More recently, in September 2025, the American College of Cardiology published a scientific statement on inflammation and cardiovascular disease. A key conclusion:

“The time is also ripe for the development of strategies to promote increased physician awareness of the crucial role of inflammation in CVD and accelerate the adoption of evidence-based, guideline-directed anti-inflammatory therapy through dissemination and implementation research.”

Taken together, these recent papers are indicative of the shift of thinking and embracement of the need to detect vulnerable, inflamed, high-risk plaque if we are going to make further progress for avoiding heart attacks and cardiovascular deaths.

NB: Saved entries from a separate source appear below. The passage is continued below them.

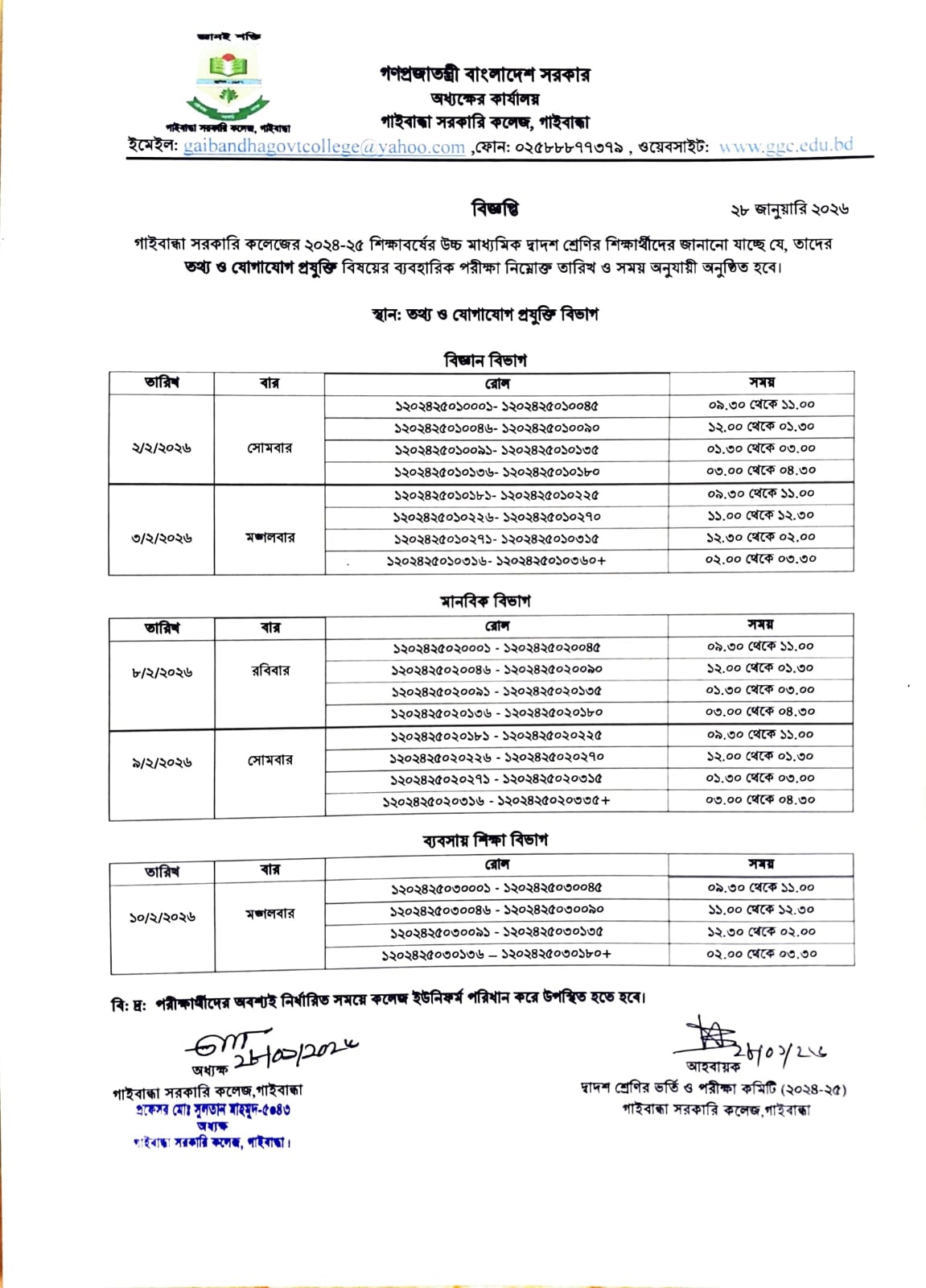গাইবান্ধা সরকারি কলেজের ২০২৪-২৫ শিক্ষাবর্ষের দ্বাদশ শ্রেণির শিক্ষার্থীদের তথ্য ও যোগাযোগ প্রযুক্তি বিষয়ের ব্যবহারিক পরীক্ষার সময়সূচী ।By Fa1sal / January 28, 2026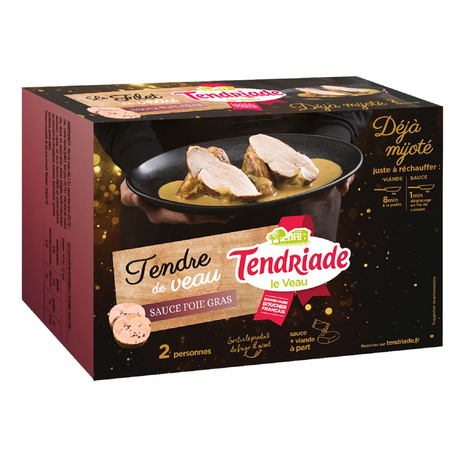 Ingrédients : Ingrédients: Paleron de veau (71 %), sauce foie gras (25%) :Eau, crème (LAIT), foie gras de canard 2,5 %, beurre (LAIT), arôme naturel, Cognac, amidon transformé de manioc, sel, brisures de truffes noires au jus [brisures de truffes noires (Tuber melanosporum Vitt.), jus de truffe, eau, sel], épaississant : E415, poivre blanc. Beurre (4%) :( Beurre, sel) (LAIT). Viandes : Origine UE. A consommer rapidement après ouverture.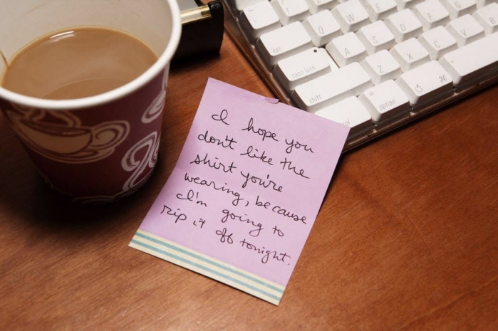 5. Подбросить ему записку. Просто напиши ему пару ласковых слов и тайком подбрось записку в его портфель или карман пиджака. Не обязательно изощряться в красноречии - главное, чтобы это было искренне. «Для кого-то записка в кармане ничего не значит, а мне сразу же становится так тепло на душе. Приятно, что она думает обо мне, даже когда меня нет дома», - Питер, 31 год.

Detection of the high-risk atheroma has been made possible without a catheter placed into the artery using CT imaging with an injection of contrast dye (angiography), known as CCTA (for coronary computed tomography angiography) There are 4 companies that have used A.I. of the images obtained to identify high-risk, non-obstructive plaque. I’ve made this Table below to summarize what each company does, since they are quite different. CLEERLY, which as a tag line on its website “Creating A World Without Heart Attacks,” detects plaque features with the ground truths (reference markers) shown below, and has a clinical validation study to link their detection to events. ELUCID focuses on plaque composition, using histology as the reference marker, but has no clinical event validation. HEARTFLOW uses fluid dynamics and 3D plaque reconstruction and has published a paper for clinical event validation. CARISTO, which is pending but not yet FDA-cleared (the other 3 are), uses the fat attenuation index (FAI), the peri-vascular fat tissue when by histologic study to be rich indicative of inflammation and rich in T cells (see also Top Figure of this post). This is the only technology that has thus far been linked to cardiac mortality.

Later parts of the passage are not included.